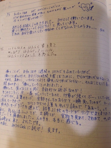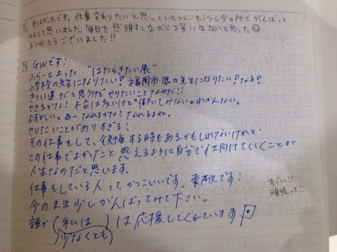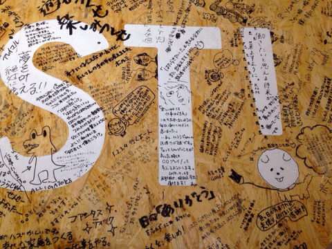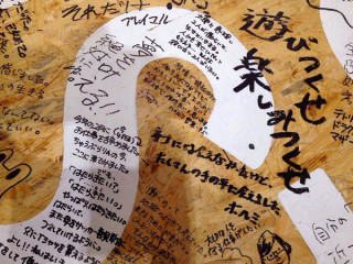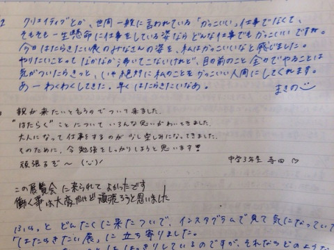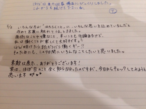 FUKUOKAのテーブル 福岡パルコ8階パルコファクトリーで開催中の 「はたらきたい展。FUKUOKA」は会期そろそろ後半戦なんですが、会場のテーブルはもう、このとおりけっこうギッシリのようです。 (パルコのスタッフのかたに 写真を撮って送っていただきました) 渋谷・大阪のときのテーブルも会場の外壁に 「会場外展示」としてディスプレイしてますが地域によって書き方になんとなーくの特色があるっぽいのがおもしろいです。 (たとえば、大阪展のときのテーブルには みなさん「空白」を埋めるように スキマスキマを狙って書き込んでいたり) また、感想ノートのほうにもたくさん書き込んでいただいているみたいです。 「元気になった、やる気が出た」って感想もやっぱり多いのですが 「はたらくってなんなのか、 展示を見てもまだちょっとわからないけど たぶん来てよかったんだと思う」 みたいな、けっこう素直な感想もあります。 で、そういう感想を残していける雰囲気が 「はたらきたい展」のいいところなのかなって思います。 会場に来てくださっているみなさんがそういう雰囲気をふくめ、会場をつくってくれているんですよねー。 福岡の人たちの間では有名な小学生画伯・モンドくんが来る5日(月)にぼくもまた会場に行くのでみなさんの感想を読めるのが、すごく楽しみ。 会期は5月11日(日)までです。 経験上、終わりに近づくほど混雑してきます。 福岡のみなさん、九州近辺のみなさん、ぜひ遊びに来てくださいね。 そして、何でもいいのであの場所で感じたことや考えたことをノートやテーブルに残していってもらえるとうれしいです! 2014/05/04 01:21 |
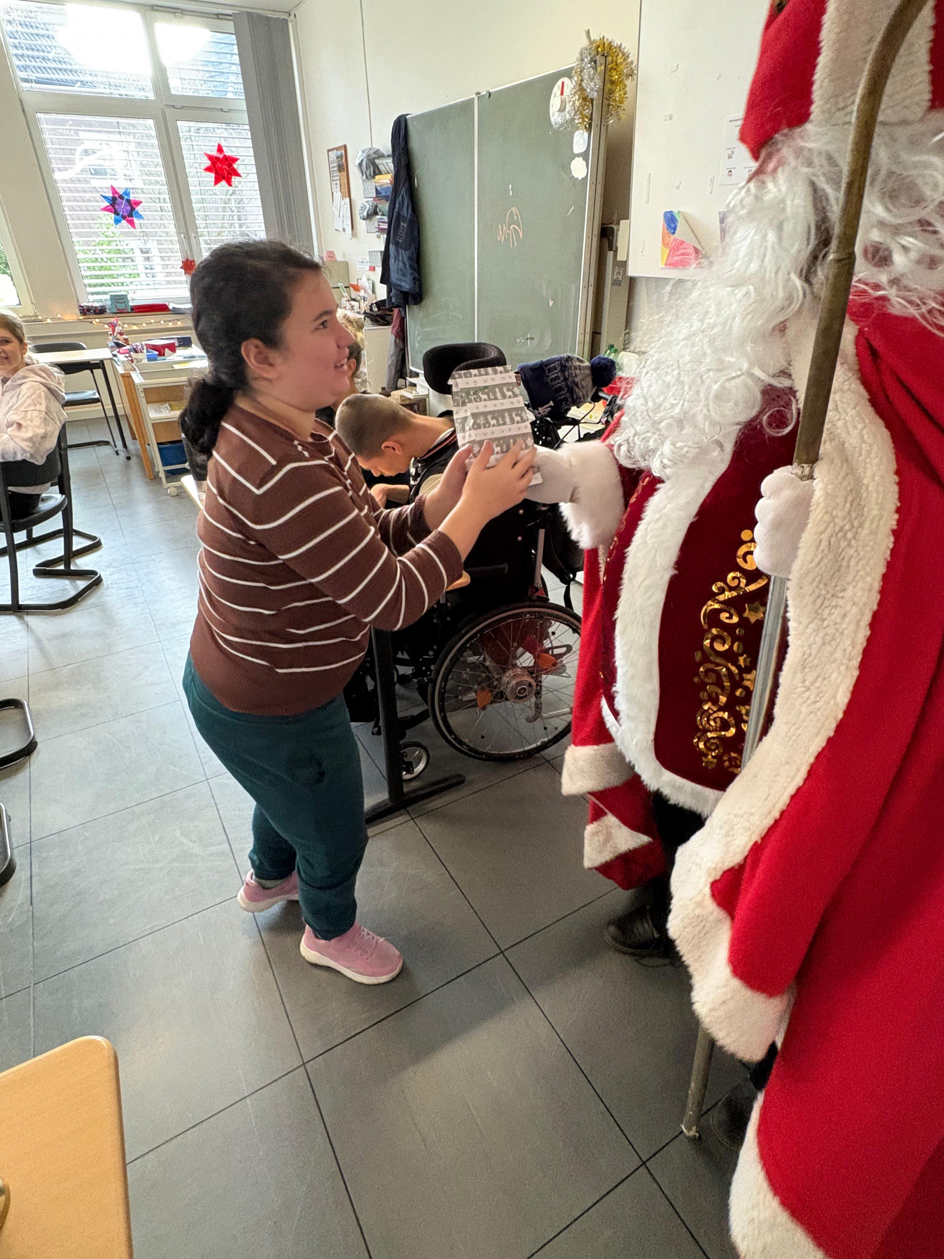 Am Freitag, dem 5. Dezember, bekam die Haldenwangschule Besuch vom Nikolaus. Schon am Morgen war die Freude bei den Kindern spürbar. Mit einem freundlichen Klopfen trat er in die Klassen und beschenkte die Schülerinnen und Schüler. Leuchtende Augen, staunende Gesichter und ein kleines Stück vorweihnachtlicher Magie begleiteten seinen Rundgang durch die Schule.
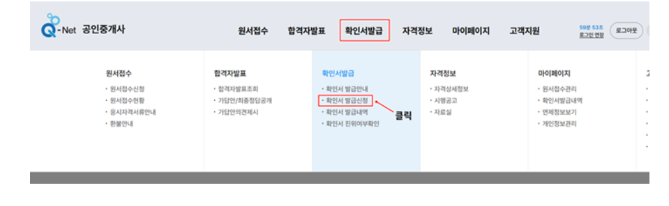 상단메뉴 중 [확인서발급] 클릭 -왼쪽 메뉴 중 [확인서 발급신청]을 클릭하고 응시확인서 이미지를 등록합니다.
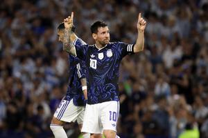 (260401) -- BUENOS AIRES, 1 abril, 2026 (Xinhua) -- Imagen del 31 de marzo de 2026 del jugador, Lionel Messi (frente), de Argentina, festejando su anotación durante el partido amistoso internacional previo a la Copa Mundial de la FIFA 2026 ante Zambia, celebrado en el Estadio Alberto J. Armando, en la ciudad de Buenos Aires, capital de Argentina. (Xinhua/Martín Zabala) (mz) (ah) (ra) (ce)
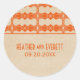 Stickers de mariage Art Déco élégant et raffiné avec une bordure motif orange sur un arrière - plan de texture en faux papier. Ces stickers de mariage élégants sont un choix idéal pour un mariage moderne. Facile à customiser, il suffit d'ajouter les détails de votre mariage dans les champs de texte fournis. Cliquez sur "Customiser" pour trouver d'autres options de personnalisation.
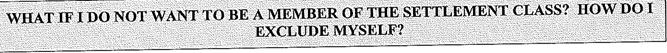 lfyou are a Settlement Class Member and wish to exclude yourself from the Settlement Class, you must submit a request for exclusion such that it is received no later than June 8, 2022, in accordance with the procedures described in the Notice. If you properly exclude yourself from the Settlement Class, you will not be bound by any releases, judgments or orders entered by the Court in the Action and you will not be eligible to share in the net proceeds of the Settlement. Excluding yourself is the only option that allows you to be part of any other current or future lawsuit against Defendants or any of the other released parties concerning the claims being resolved by the Settlement. Please note, however, if you decide to exclude yourself from the Settlement Class, you may be time-barred from asserting the claims covered by the Action by a statute of repose.
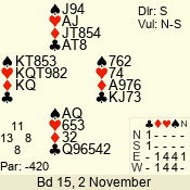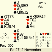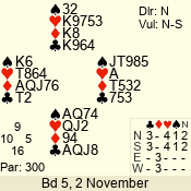 | 3 NT | W | +3 | -690 | J | 04 - 03 | 6 | 2 |
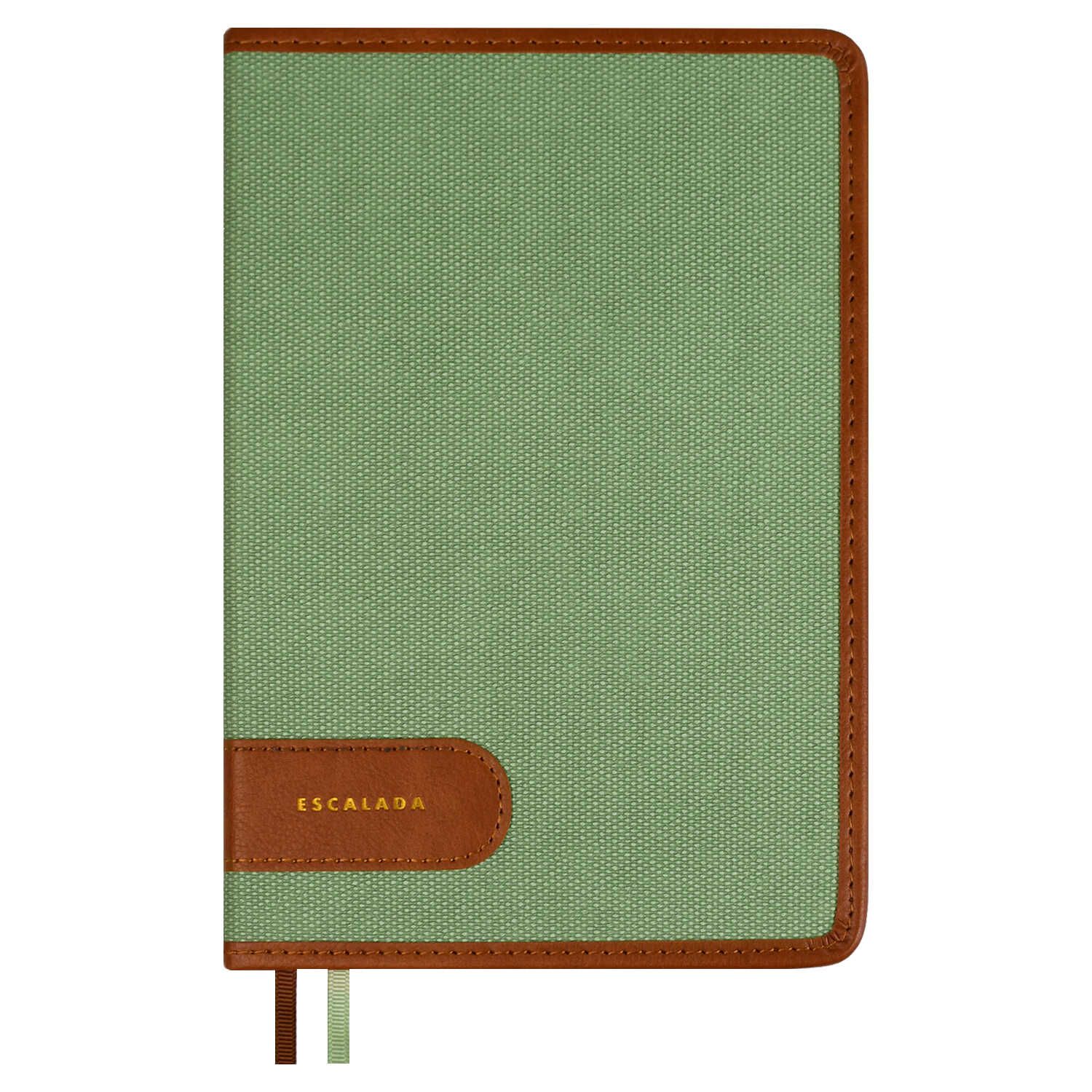 Ежедневник недатированный ESCALADA, А5, 160 л., арт. 70639/ 15 ПИКЕ ОЛИВКОВЫЙ (кожзам: 146х211 мм, твёрдый переплёт, материал обложки: искусственная кожа "Пике"; способ крепления блока: ниткошвейный; декор: аппликация из искусственной кожи, тиснение фольгой; вн. блок: 160 л., PREMIUM-офсет кремового цвета 70 г/м, печать в одну краску (линия), справочный материал: есть; перфорация углов блока: нет; отделка среза: окрашивание пантоном; закладка/-и: два ляссе, каптал: есть; форзац: печать пантоном, тиснение фольгой, особенности: комбинированные материалы; персонализация возможна: да; индивидуальная упаковка: промостикер + ПЭТ-пакет)
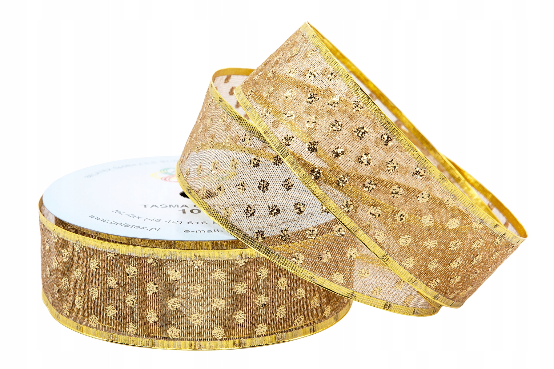 МАТЕРИАЛ ЛЕНТА С БЛЕСКНЫМИ ТОЧКАМИ ПРОВОЛОКА 4см/10м ЗОЛОТАЯ

==================================================

**WORK TO BE COMPLETED**
Leaving the pictures out, copy exactly the lines from the line that contains "04 - 03 | 6 | 2 |" to the last line of the data, both ends included.

**COMPLETED TASK**
 | 3 NT | W | +3 | -690 | J | 04 - 03 | 6 | 2 |
 Ежедневник недатированный ESCALADA, А5, 160 л., арт. 70639/ 15 ПИКЕ ОЛИВКОВЫЙ (кожзам: 146х211 мм, твёрдый переплёт, материал обложки: искусственная кожа "Пике"; способ крепления блока: ниткошвейный; декор: аппликация из искусственной кожи, тиснение фольгой; вн. блок: 160 л., PREMIUM-офсет кремового цвета 70 г/м, печать в одну краску (линия), справочный материал: есть; перфорация углов блока: нет; отделка среза: окрашивание пантоном; закладка/-и: два ляссе, каптал: есть; форзац: печать пантоном, тиснение фольгой, особенности: комбинированные материалы; персонализация возможна: да; индивидуальная упаковка: промостикер + ПЭТ-пакет)
 МАТЕРИАЛ ЛЕНТА С БЛЕСКНЫМИ ТОЧКАМИ ПРОВОЛОКА 4см/10м ЗОЛОТАЯ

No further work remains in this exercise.